Start of Block

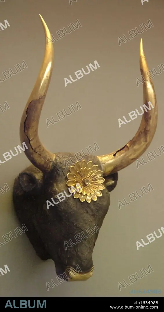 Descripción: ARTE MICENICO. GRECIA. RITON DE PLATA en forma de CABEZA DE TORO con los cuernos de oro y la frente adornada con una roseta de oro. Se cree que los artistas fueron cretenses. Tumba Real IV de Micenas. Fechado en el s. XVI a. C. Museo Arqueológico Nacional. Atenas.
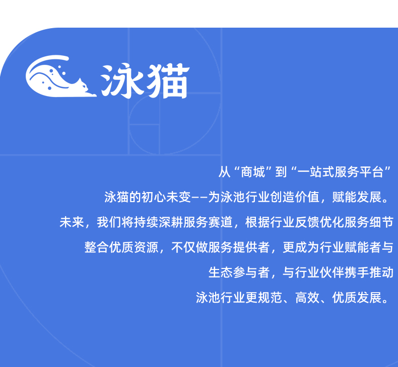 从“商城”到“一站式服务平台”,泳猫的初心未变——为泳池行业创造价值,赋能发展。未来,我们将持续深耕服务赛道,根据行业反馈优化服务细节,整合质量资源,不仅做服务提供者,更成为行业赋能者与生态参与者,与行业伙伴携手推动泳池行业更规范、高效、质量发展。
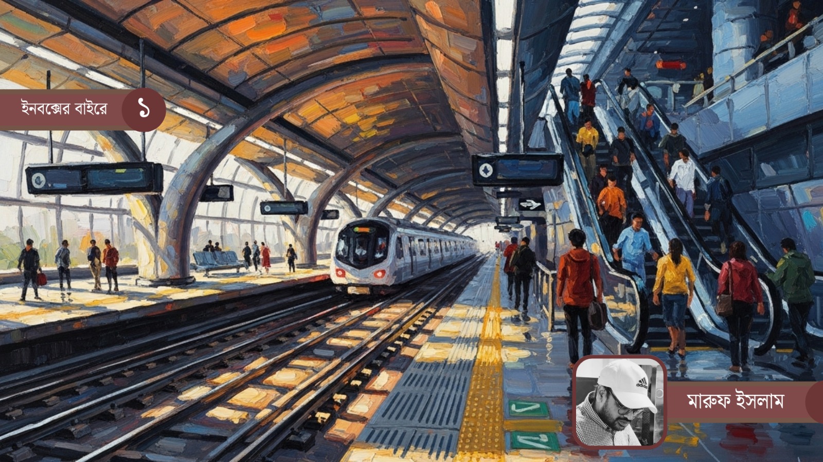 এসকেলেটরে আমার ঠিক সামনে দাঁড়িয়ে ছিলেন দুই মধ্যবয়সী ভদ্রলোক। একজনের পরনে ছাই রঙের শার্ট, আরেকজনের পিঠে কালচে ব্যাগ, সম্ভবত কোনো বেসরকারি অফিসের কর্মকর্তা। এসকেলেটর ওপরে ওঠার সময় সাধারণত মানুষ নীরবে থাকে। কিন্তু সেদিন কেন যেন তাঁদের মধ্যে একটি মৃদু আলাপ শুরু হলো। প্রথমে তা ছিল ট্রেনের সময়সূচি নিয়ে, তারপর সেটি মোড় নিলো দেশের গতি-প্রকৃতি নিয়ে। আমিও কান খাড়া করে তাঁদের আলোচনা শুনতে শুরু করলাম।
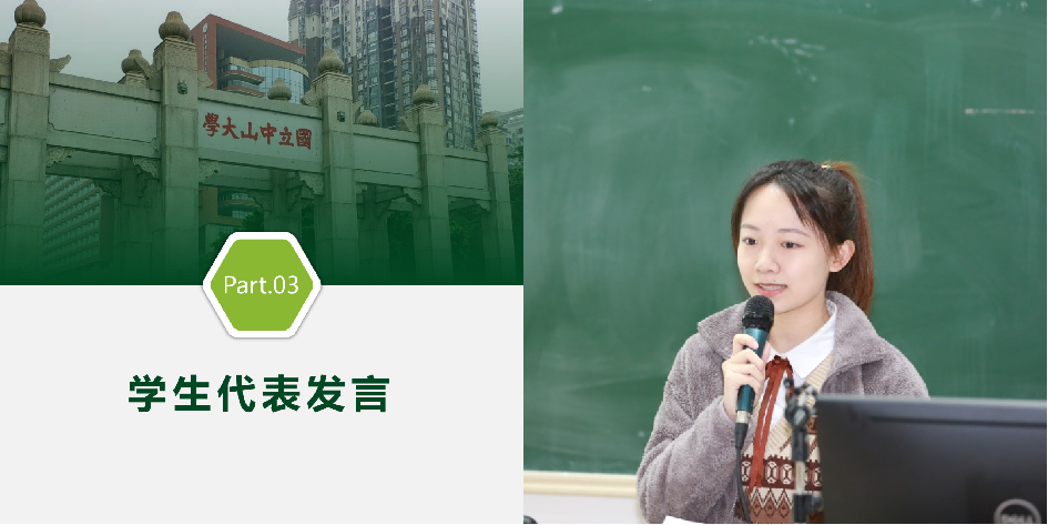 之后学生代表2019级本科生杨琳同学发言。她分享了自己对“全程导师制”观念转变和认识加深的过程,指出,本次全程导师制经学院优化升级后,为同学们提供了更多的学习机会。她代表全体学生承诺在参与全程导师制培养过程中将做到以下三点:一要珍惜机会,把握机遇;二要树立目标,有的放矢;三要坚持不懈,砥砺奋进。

End of Block
Start of Block

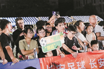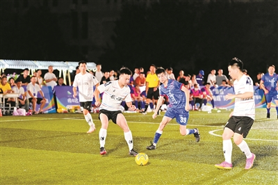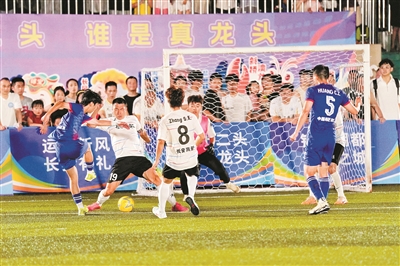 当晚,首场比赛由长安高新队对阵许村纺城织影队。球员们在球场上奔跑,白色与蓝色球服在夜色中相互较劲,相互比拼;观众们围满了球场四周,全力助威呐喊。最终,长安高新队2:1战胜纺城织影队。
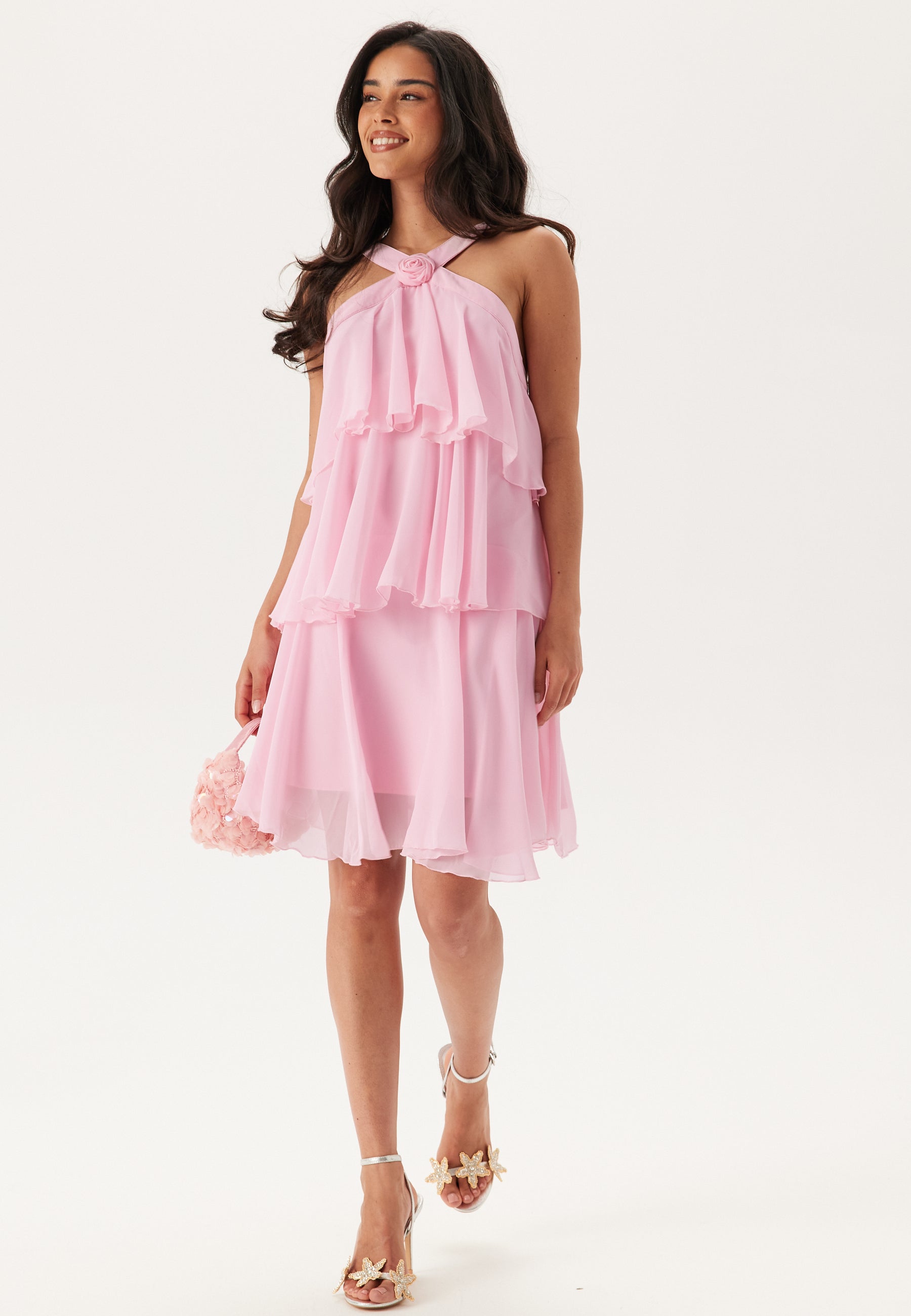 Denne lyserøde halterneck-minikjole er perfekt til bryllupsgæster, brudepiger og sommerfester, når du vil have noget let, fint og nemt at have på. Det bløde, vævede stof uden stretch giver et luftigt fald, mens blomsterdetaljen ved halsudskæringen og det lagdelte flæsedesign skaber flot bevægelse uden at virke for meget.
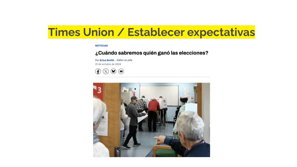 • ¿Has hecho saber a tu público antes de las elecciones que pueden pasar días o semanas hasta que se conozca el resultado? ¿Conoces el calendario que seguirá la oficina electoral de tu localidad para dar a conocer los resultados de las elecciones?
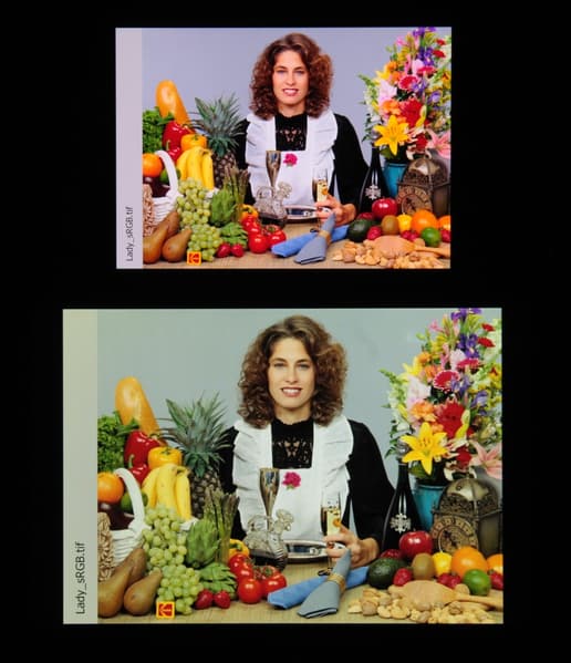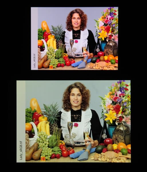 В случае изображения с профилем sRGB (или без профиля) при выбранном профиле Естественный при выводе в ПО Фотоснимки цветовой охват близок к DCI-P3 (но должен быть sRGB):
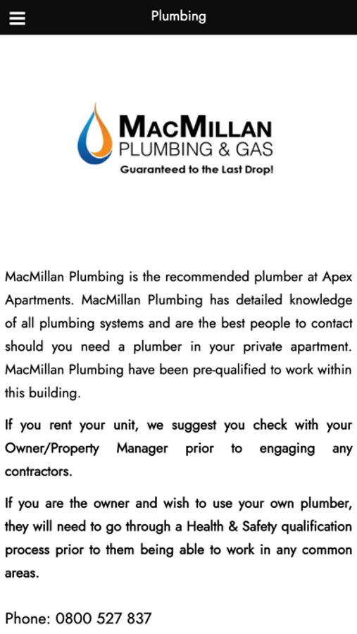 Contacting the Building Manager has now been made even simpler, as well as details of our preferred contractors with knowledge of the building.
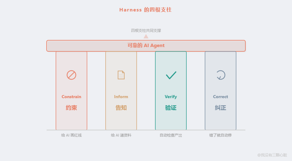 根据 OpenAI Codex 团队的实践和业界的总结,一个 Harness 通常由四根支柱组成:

End of Block

■ WHAT IS NEEDED: Starting at the line above that contains "de las elecciones?", transcribe every line exactly through the line that contains "根据 OpenAI Codex", including that last one, and skip the pictures.

■ FINAL ANSWER:
 • ¿Has hecho saber a tu público antes de las elecciones que pueden pasar días o semanas hasta que se conozca el resultado? ¿Conoces el calendario que seguirá la oficina electoral de tu localidad para dar a conocer los resultados de las elecciones?
 В случае изображения с профилем sRGB (или без профиля) при выбранном профиле Естественный при выводе в ПО Фотоснимки цветовой охват близок к DCI-P3 (но должен быть sRGB):
 Contacting the Building Manager has now been made even simpler, as well as details of our preferred contractors with knowledge of the building.
 根据 OpenAI Codex 团队的实践和业界的总结,一个 Harness 通常由四根支柱组成:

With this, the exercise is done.